Our benchmarks compare NilVec with Chroma using the following setup:

  • Configuration:
    • Dimension: 10
    • Number of insertions: 100 vectors
    • Number of queries: 10 queries with metadata filtering
  • Results:
    • NilVec demonstrated a 95.5% improvement on query latency compared to Chroma.
    • Insertion latency is also highly optimized, ensuring minimal overhead during data ingestion.

Below is an excerpt from our benchmark script:

import time
import random
import numpy as np
import nilvec
import chromadb

# Configuration
dim = 10
num_inserts = 100
num_queries = 10
categories = ["news", "blog", "report"]

# --- Chroma Benchmark ---
chroma_query_times = []
for i in range(num_queries):
    query = [random.random() for _ in range(dim)]
    filter_category = random.choice(categories)
    start_time = time.perf_counter()
    # Execute query on Chroma...
    elapsed = time.perf_counter() - start_time
    chroma_query_times.append(elapsed)

# --- NilVec Benchmark ---
nilvec_query_times = []
hnsw = nilvec.PyHNSW(dim, None, None, None, None, "inner_product", ["category"])
for i in range(num_queries):
    query = [random.random() for _ in range(dim)]
    filter_category = random.choice(categories)
    start_time = time.perf_counter()
    results = hnsw.search(query, 5, ("category", filter_category))
    elapsed = time.perf_counter() - start_time
    nilvec_query_times.append(elapsed)

Usage

Installation

NilVec is distributed as a Python package via its PyO3 bindings. You can install it using pip:

pip install nilvec

Examples

Below is a quick example of how to use NilVec in your Python project:

import nilvec

# Create an index with dimension 128 using inner product as the metric.
# Optionally, you can provide a schema for metadata.
index = nilvec.PyHNSW(128, None, None, None, None, "inner_product", ["color", "size"])

# Insert a vector with associated metadata.
vector = [0.1] * 128
metadata = [("color", "blue"), ("size", 42)]
index.insert(vector, metadata)

# Perform a search query with metadata filtering.
query = [0.1] * 128
results = index.search(query, k=5, filter=("color", "blue"))
for distance, vector in results:
    print("Distance:", distance, "Vector:", vector)

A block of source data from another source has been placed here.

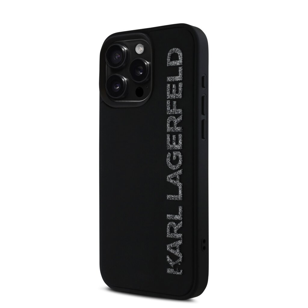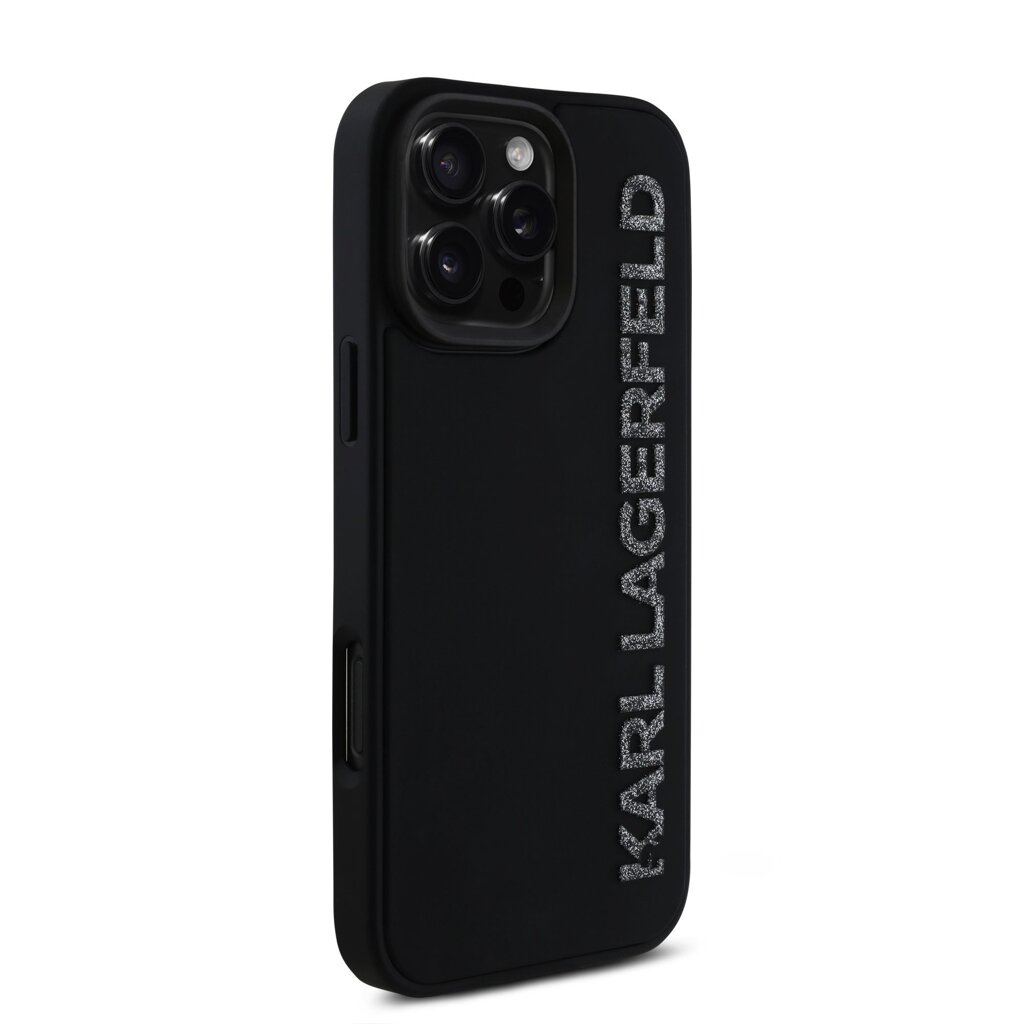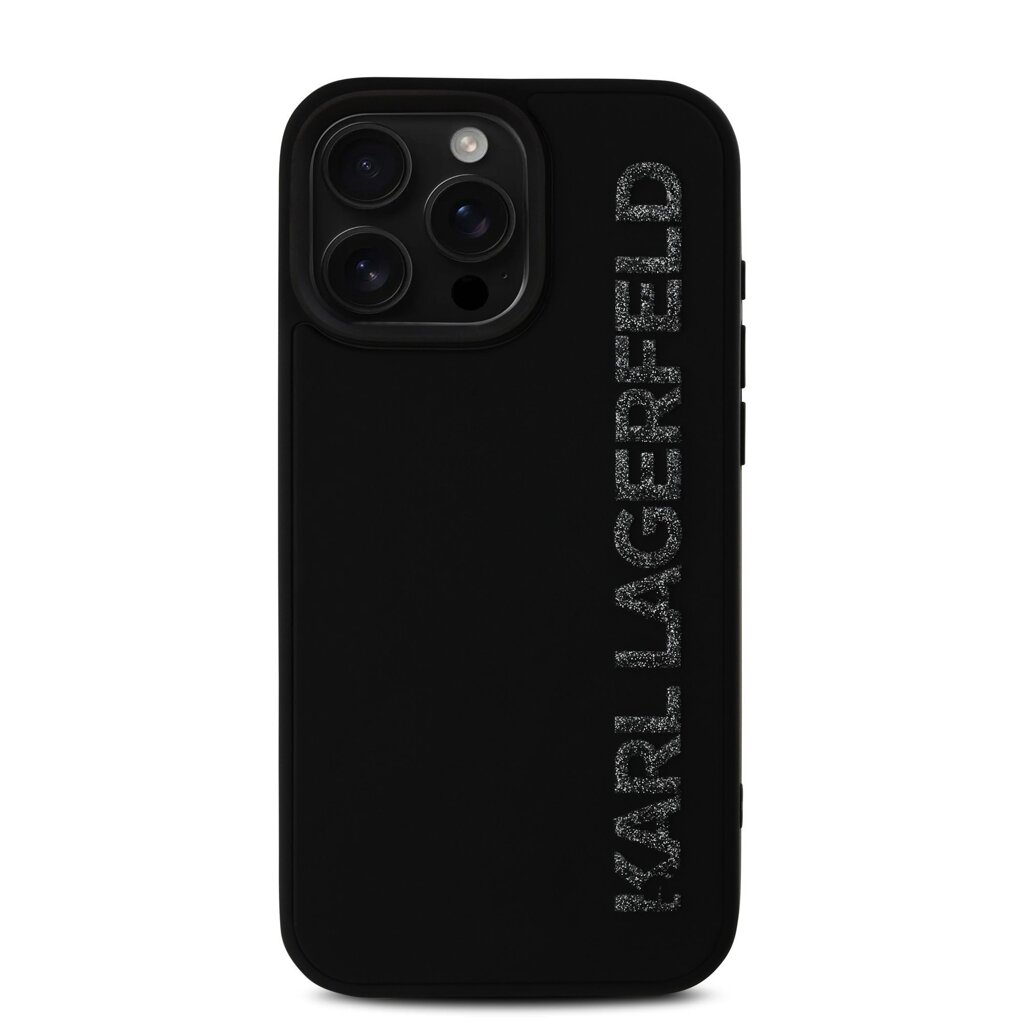 Karl Lagerfeld 3D Rubber Glitter Logo Zadní Kryt pro iPhone 16 Pro Max Black
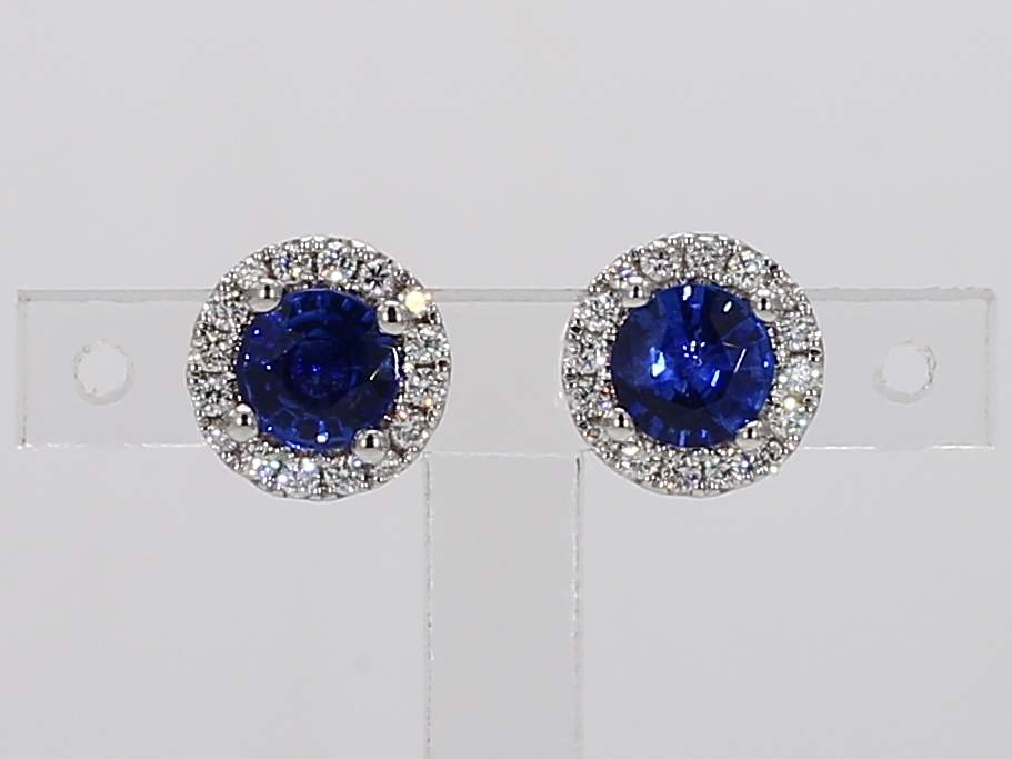 ROUND SAPPHIRE & ROUND DIAMOND 18KW EARRING
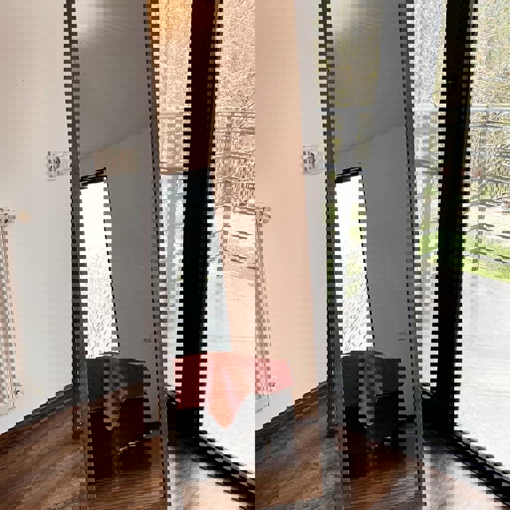 Стильное напольное зеркало в тёмно-серой раме. Можно ставить на пол — есть удобная задняя опора, не требует крепления к стене. Размер: 150 × 50 см. Отлично подойдёт для спальни, гардеробной, прихожей или студии.
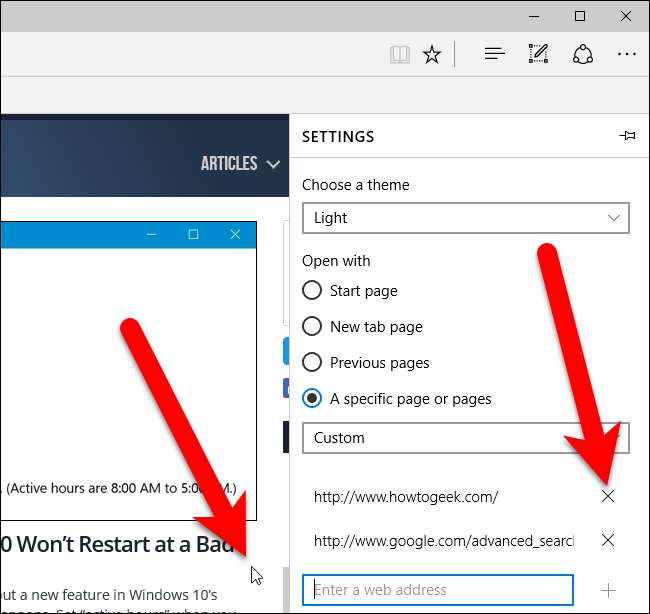 Para remover uma página da web da lista, clique no botão “X” à direita do URL. Clique em qualquer lugar à direita, fora do painel Configurações para fechá-lo.
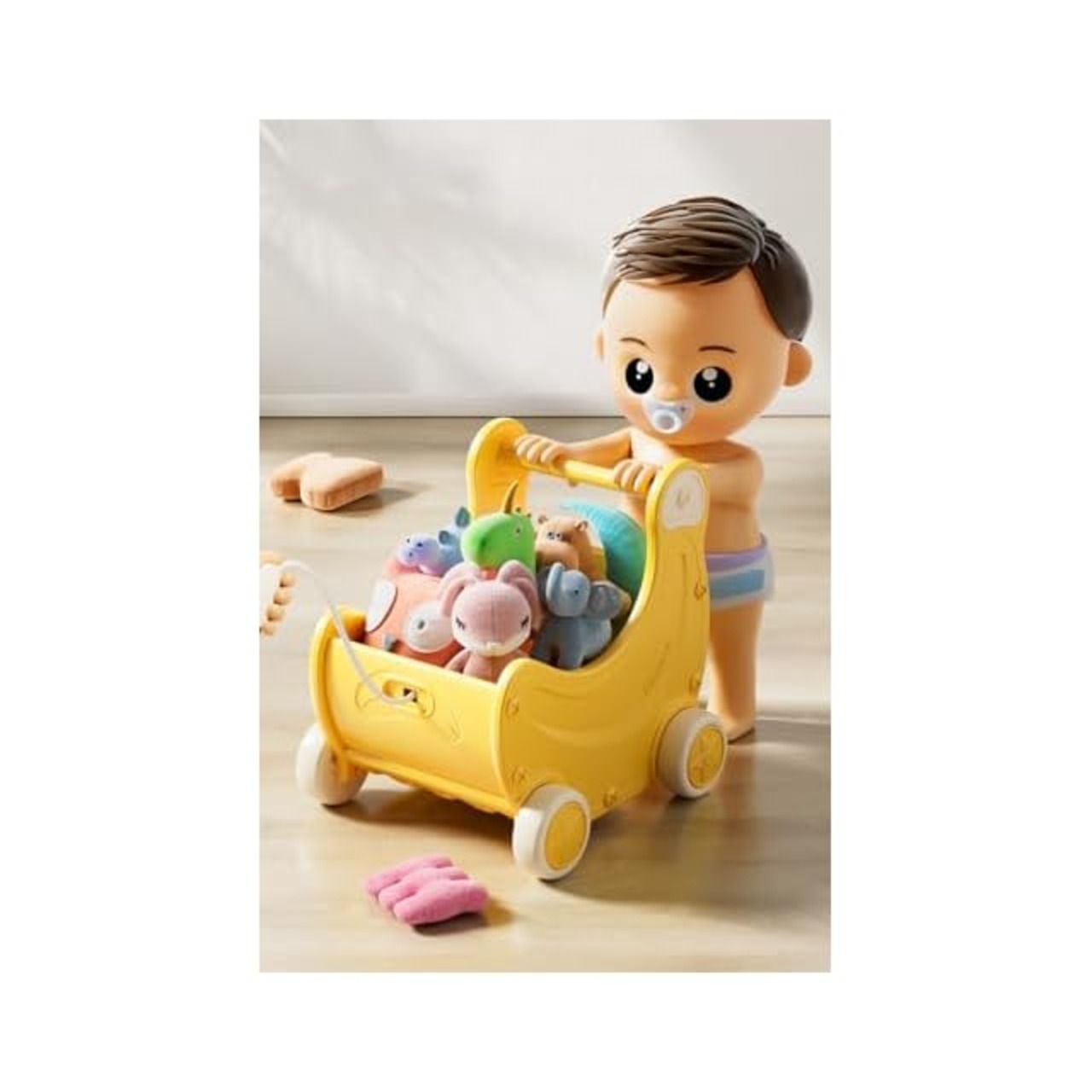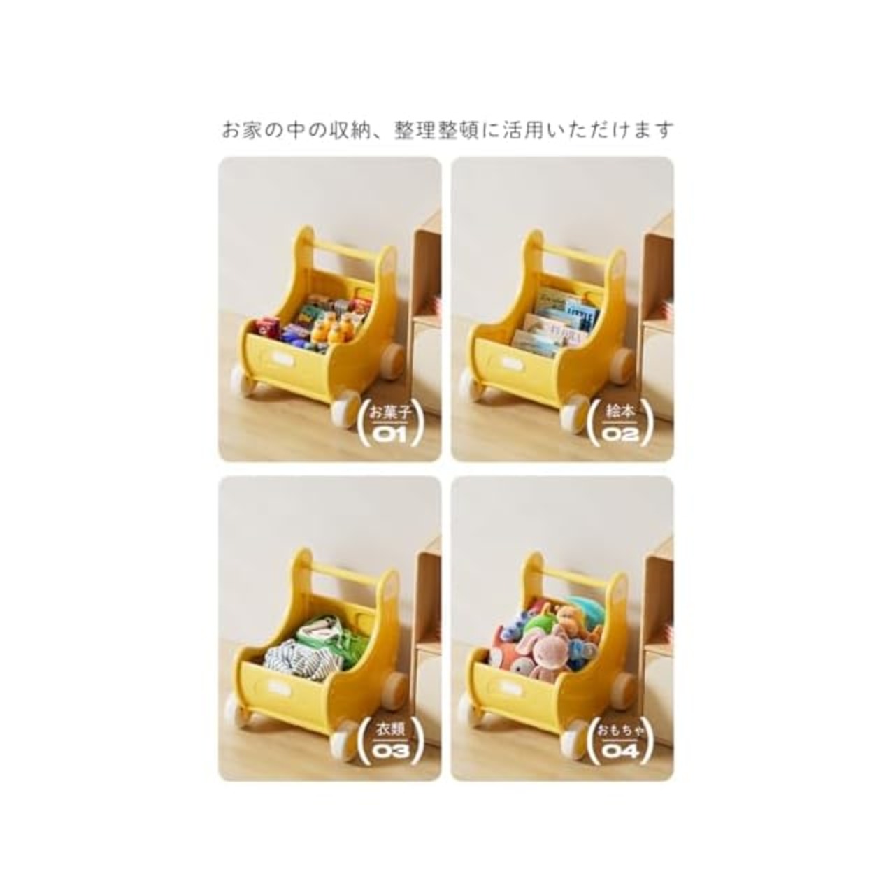 【大好きなおもちゃを積んで歩行練習】ごっこ遊びやお気に入りのおもちゃなどを入れて運んだり、つかまり歩きの練習用としても、屋内専用でおもちゃ箱としても使えます。タイヤは室内で遊んでもフローリングなどの床を傷つけません。
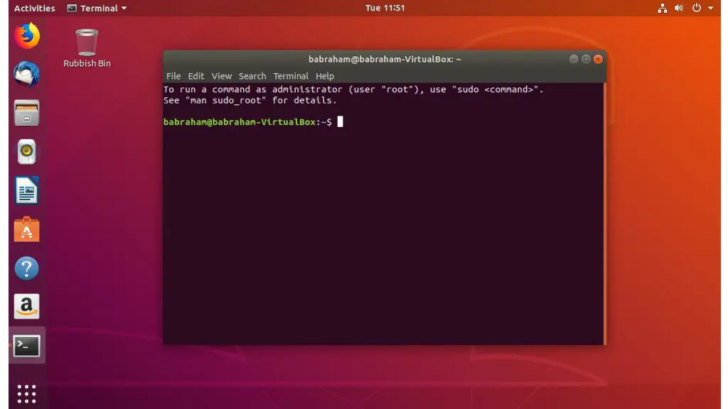 Running graphical programs babraham@babraham-VirtualBox:~$ xeyes babraham@babraham-VirtualBox:~$ Note that you can't enter another command until you close the program you launched
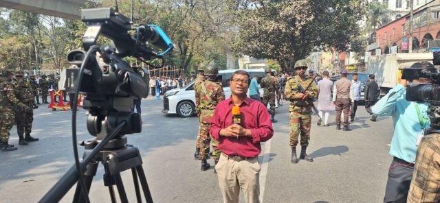 পাশেই একাত্তর টিভির রিপোর্টার লাইভ দিচ্ছিলেন। সেখানে ঢুকে গেলেন সেই ভদ্রলোক। এরপর সেখান থেকেও তাঁকে সরানো হলো।
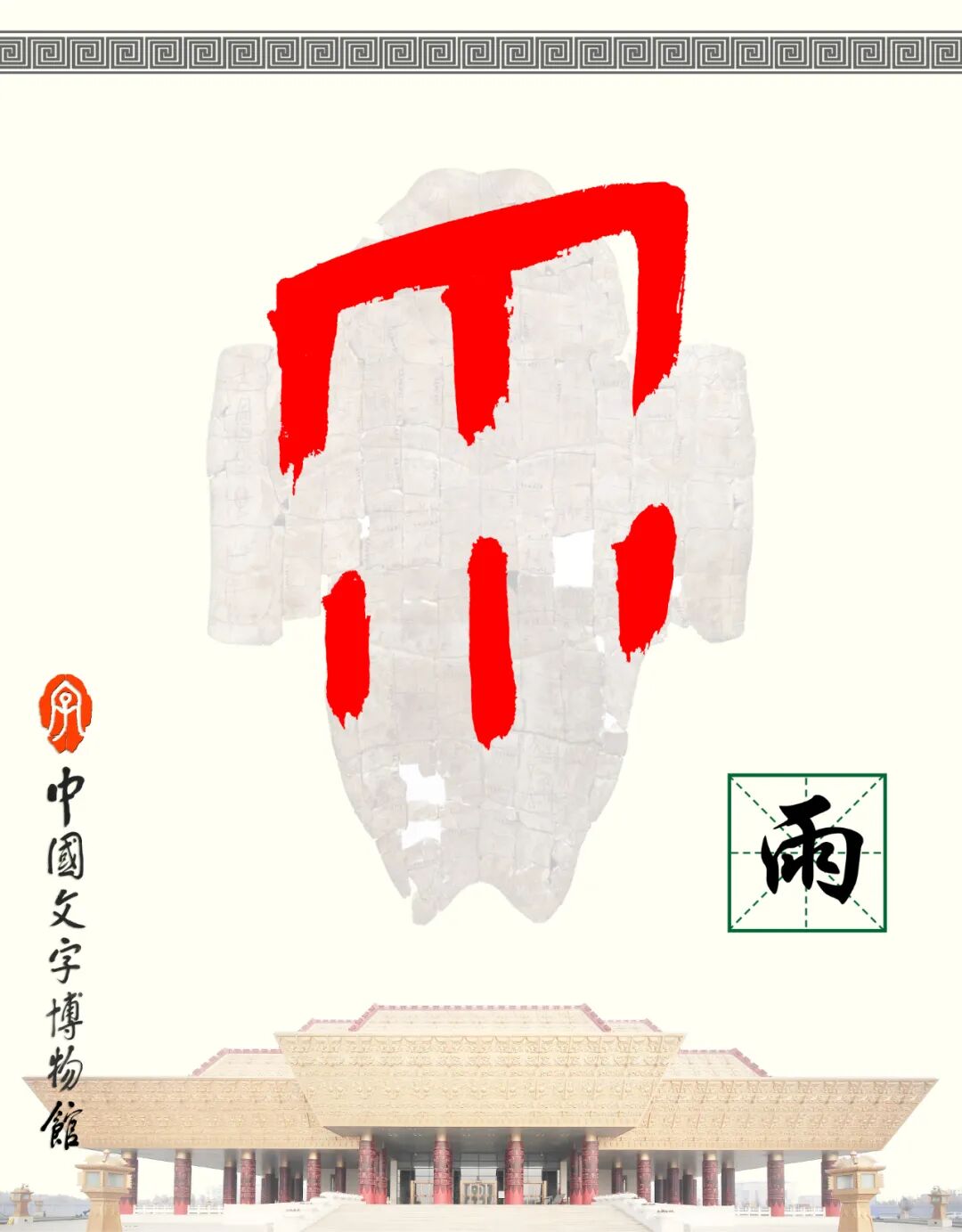 雨:像天空落下雨滴之形。卜辞中用作名词雨和动词下雨。在六书中属于象形。
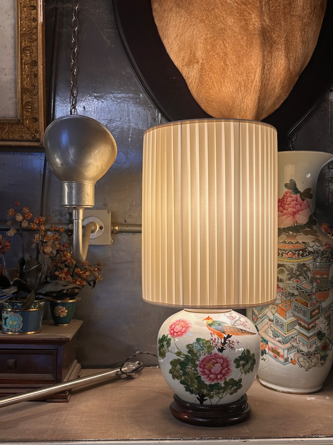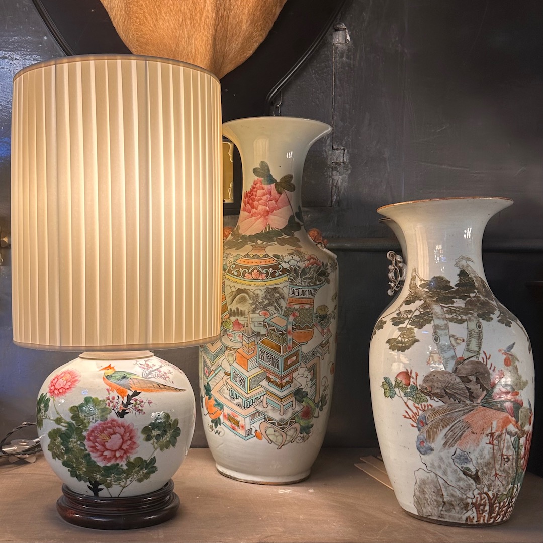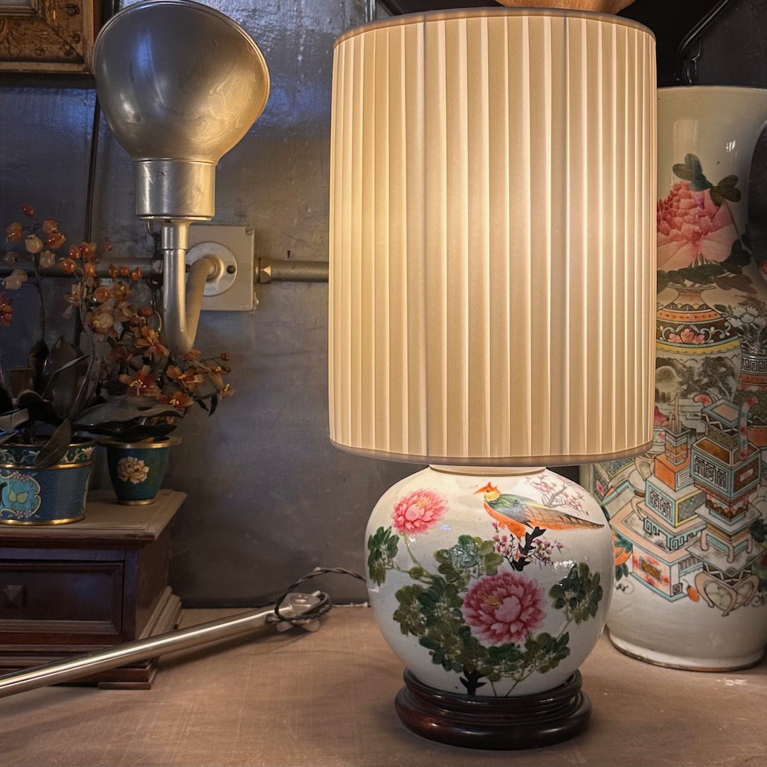 Potiche lampada da tavolo in porcellana policroma decorata a peonie e volatili. Cina, dinastia Quing, fine sec. XIX
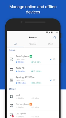 DS routerの包括的な機能群は、ネットワーク管理のあらゆる側面をカバーします。まず、そのリモート管理機能により、どこにいても自宅のルーター設定を柔軟に調整できます。また、視覚的なネットワークマップは、メッシュWi-Fiシステム全体の接続状態を分かりやすく表示し、接続デバイスごとのリアルタイムトラフィックを詳細に監視することが可能です。さらに、特定のデバイスにインターネットの優先順位を割り当てて帯域幅を最適化したり、メインネットワークから完全に独立したゲストWi-Fiを簡単に設定して、セキュリティとプライバシーを確保しながら来訪者に快適なインターネットアクセスを提供できます。
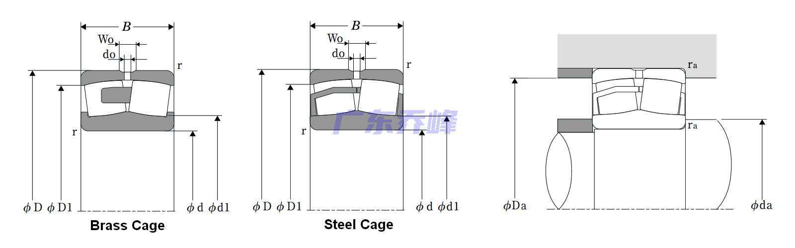 一體式機加工黃銅保持架,抗沖擊性好,剛度大(B型:每排一個機加工黃銅保持架)
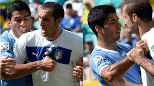 9 лет назад Суарес укусил Кьеллини. Присматривался больше года, а болельщик поставил на это и выиграл
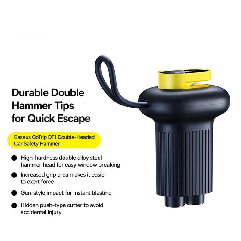 Baseus GoTrip DT1 dubbelhuvad säkerhetshammare för bil med säkerhetsbältesavbitare - nödutrymningsverktyg och fönsterkrossare för fordon
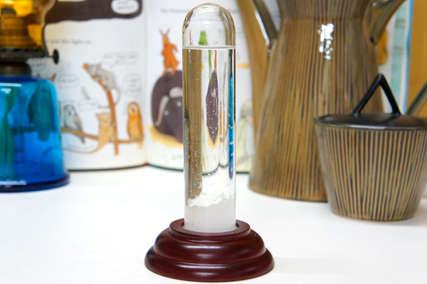 管の中の液体と結晶の変化により6時間から12時間後の天候の予測が出来るストームグラス(天気管)です。このストームグラスは19世紀に航海の時に海の天候を予測するために発明された道具です。
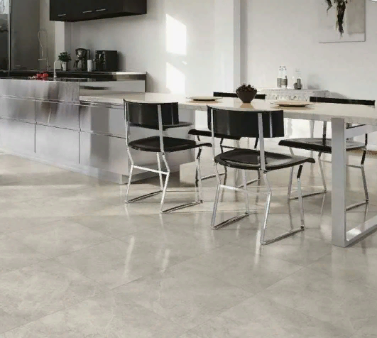 Во-вторых, укладка клеевого кварцвинила возможна без порогов. Это очень удобно при проектировании интерьера, так как полы на кухне могут быть продолжением других помещений. Кроме того, отсутствие порогов облегчает уборку и поддержание чистоты в кухонном пространстве.

# Alternatively, bulk-create an index from a list of vectors.
vectors = [
    [0.1] * 128,
    [0.2] * 128,
    [0.3] * 128
]
index.create(vectors)

Testing

To run the NilVec test suite, execute:

cargo test

Project details


Download files

Download the file for your platform. If you're not sure which to choose, learn more about installing packages.

Source Distribution

nilvec-0.1.5.tar.gz (491.7 kB view details)

Uploaded Source

Built Distribution

If you're not sure about the file name format, learn more about wheel file names.

nilvec-0.1.5-cp312-cp312-macosx_11_0_arm64.whl (287.3 kB view details)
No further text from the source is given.